Stars: Charlie Hunnam, Jude Law, Astrid Berges-Frisbey, Djimon Hounsou, Eric Bana, Aiden Gillen, Freddie Fox, Craig McGinlay, Tom Wu, Kingsley Ben-Adir, Neil Maskell
Writers: Joby Harold and Guy Ritchie & Lionel Wigram, story by David Dobkin and Joby Harold
Director: Guy Ritchie
Distributor: Warner Bros.
Release Date: May 12, 2017
On the one hand, there’s a protagonist called Arthur who pulls a magical sword out of a stone in medieval Britain, so the storytellers have pretty much got to acknowledge this is indeed a tale of Arthur and Excalibur. On the other hand, Mordred is a mage who is battling in the back story before Arthur is even born (since Arthur is usually Mordred’s father or at least uncle in the legend, this is more than a bit weird), there are mountain-sized elephants, and the orphaned Arthur grows up to be the kind of underworld bloke that Jason Statham played in director Guy Ritchie’s early films, so this won’t be for purists. Welcome to KING ARTHUR: LEGEND OF THE SWORD.
Whether and how much KING ARTHUR: LEGEND OF THE SWORD appeals to people will depend greatly on how much they like Ritchie’s work overall, how tolerant they are of changing up eras and styles of speech and dress and philosophy, and how much they’re sticklers for a film paying attention to its own rules.
Taken entirely on its own, this KING ARTHUR is reasonably entertaining (provided, again, that one is amenable to stories about London underworld antiheroes transported into a fantasy realm). In this version, Arthur’s father Uther Pendragon (Eric Bana) is actually married to Arthur’s mother, but both Arthur’s parents are slain by Uther’s ambitious brother Vortigern (Jude Law).
Two-year-old Arthur floats away from Camelot, Moses-like, in a boat. He winds up in Londinium, where he is adopted by the staff at a brothel. Arthur grows up to be an exceptionally good businessman, liar and, thanks to the local monastery full of martial-arts-practicing monks, a superb fighter as well. Arthur doesn’t know that there’s a legend about Uther’s son being the only one able to pull Uther’s sword from the stone. Vortigern, however, is aware of this and tries to fend off the prospect of having his nephew take the kingdom.

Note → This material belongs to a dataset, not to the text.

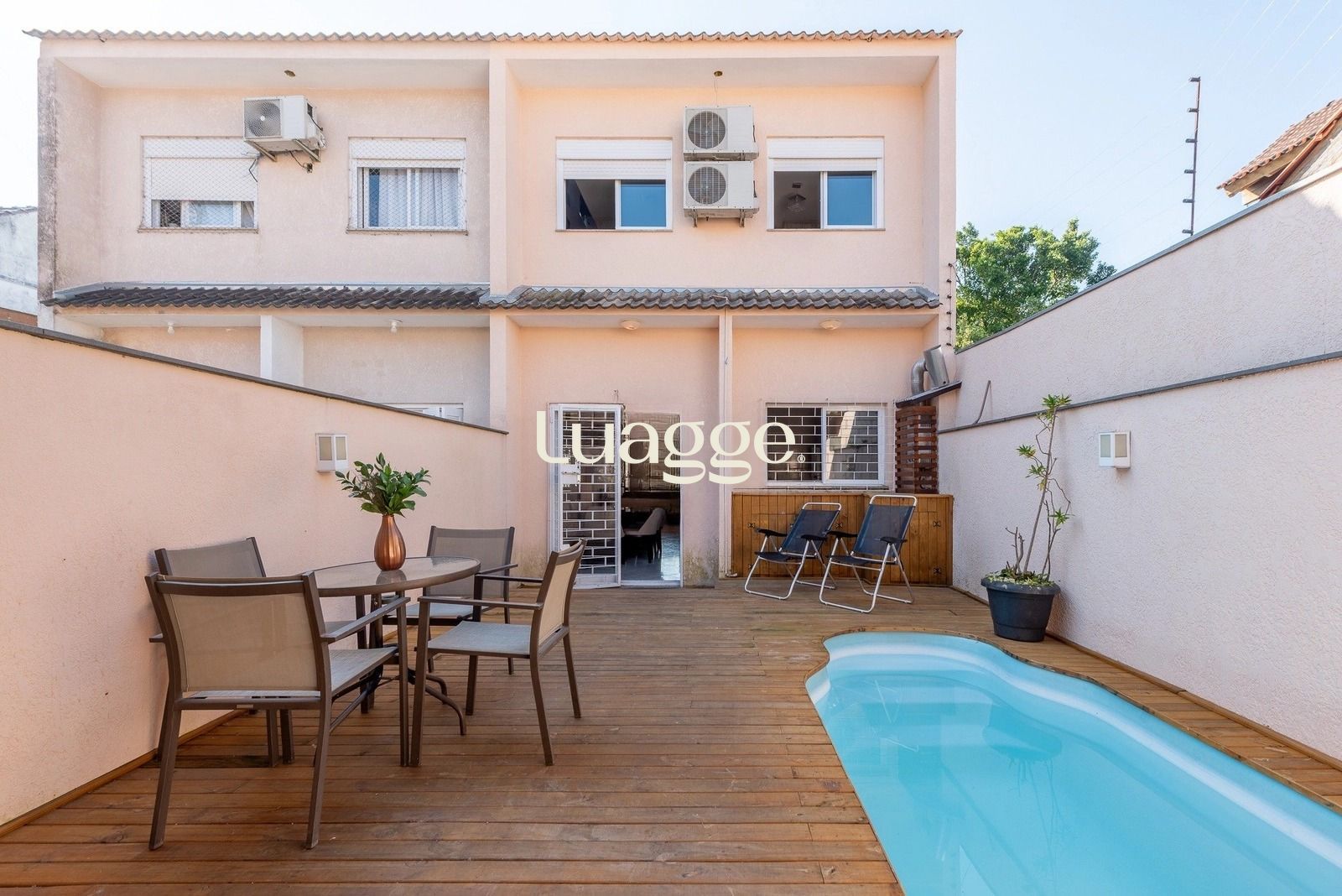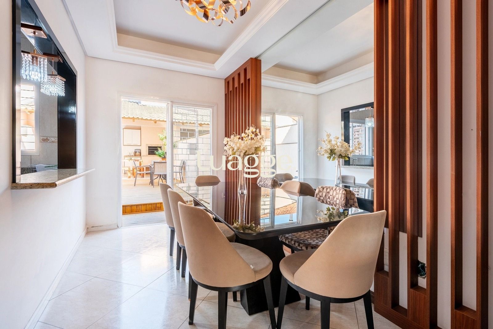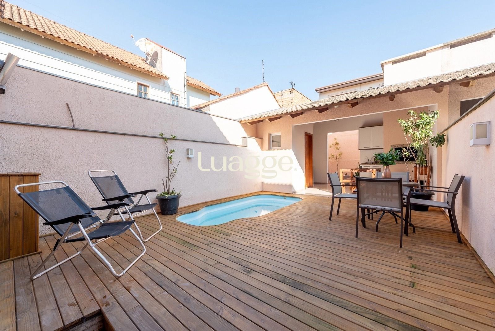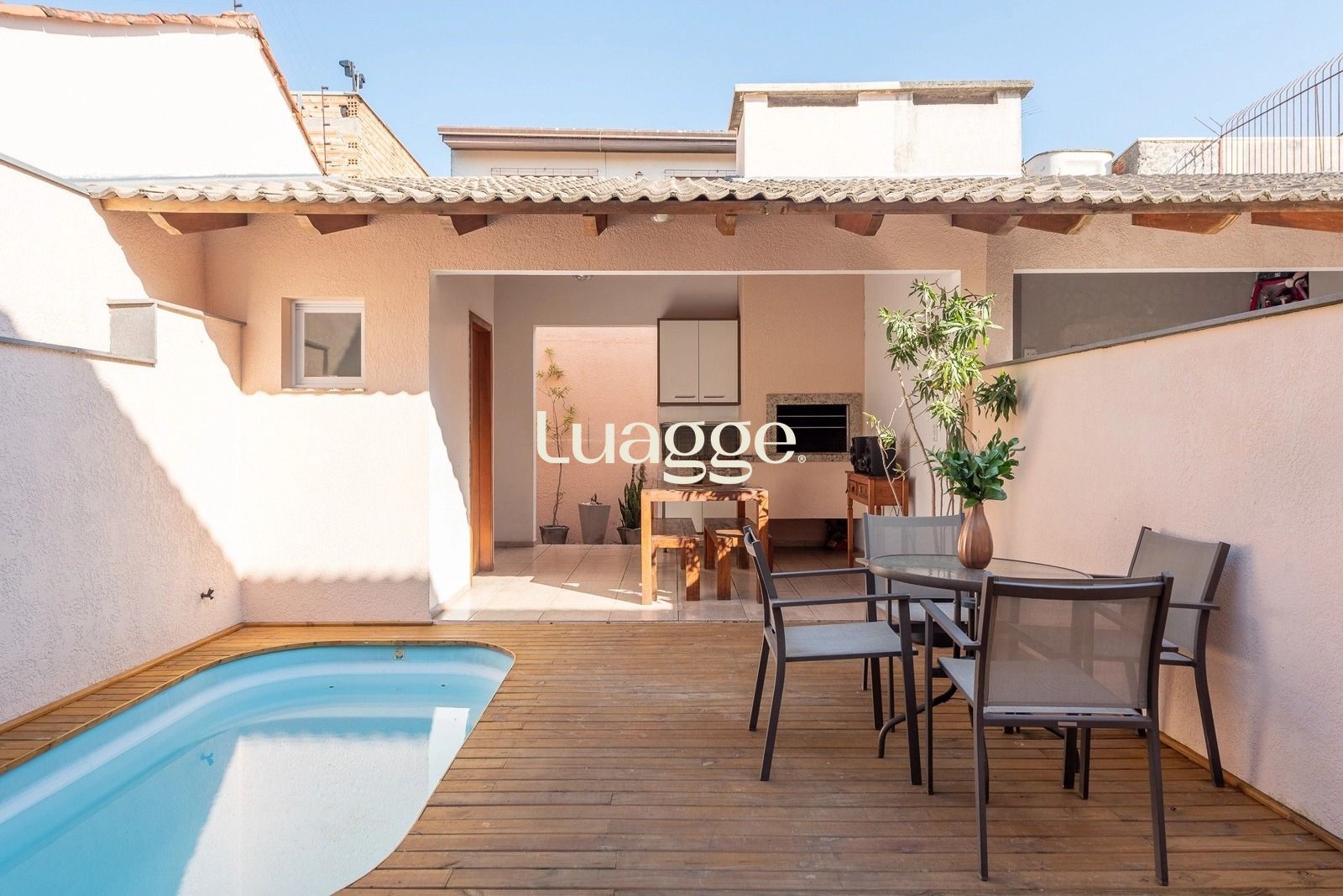 Nos fundos, o pátio surpreende com um espaço pensado para relaxar e aproveitar bons momentos. O deck em madeira valoriza a piscina e cria um ambiente perfeito para os dias de calor. A edícula completa, com churrasqueira, área de serviço e banheiro auxiliar, torna o espaço ideal para confraternizações e lazer com amigos e familiares.

Luckily for Arthur, there are some mages who’d like to see him succeed. For the audience, there are also dramatized what-ifs, hallucinations, super-quick edits, a training montage, one of Arthur’s followers in a Robin of Loxley outfit, contemporary dialogue, the occasional monster, costumes that are sort of period and sort of not, and a movie that seems to sometimes forget things like the wording of magical proclamations and the like (when an otherworldly evil force decrees that the bad guy needs to do a specific deed in a specific place in order to accomplish his evil goals, you’d think said bad guy would remember to go there, especially when his forgetting this is not a plot point).
There are a couple of good mythic ideas here, notably the exact nature of the stone that holds the sword (this achieves resonance) and a mage of few words (Astrid Berges-Frisbey) who is able to coax animals, birds and reptiles into being helpful. Berges-Frisbey conveys an otherworldliness that works very well.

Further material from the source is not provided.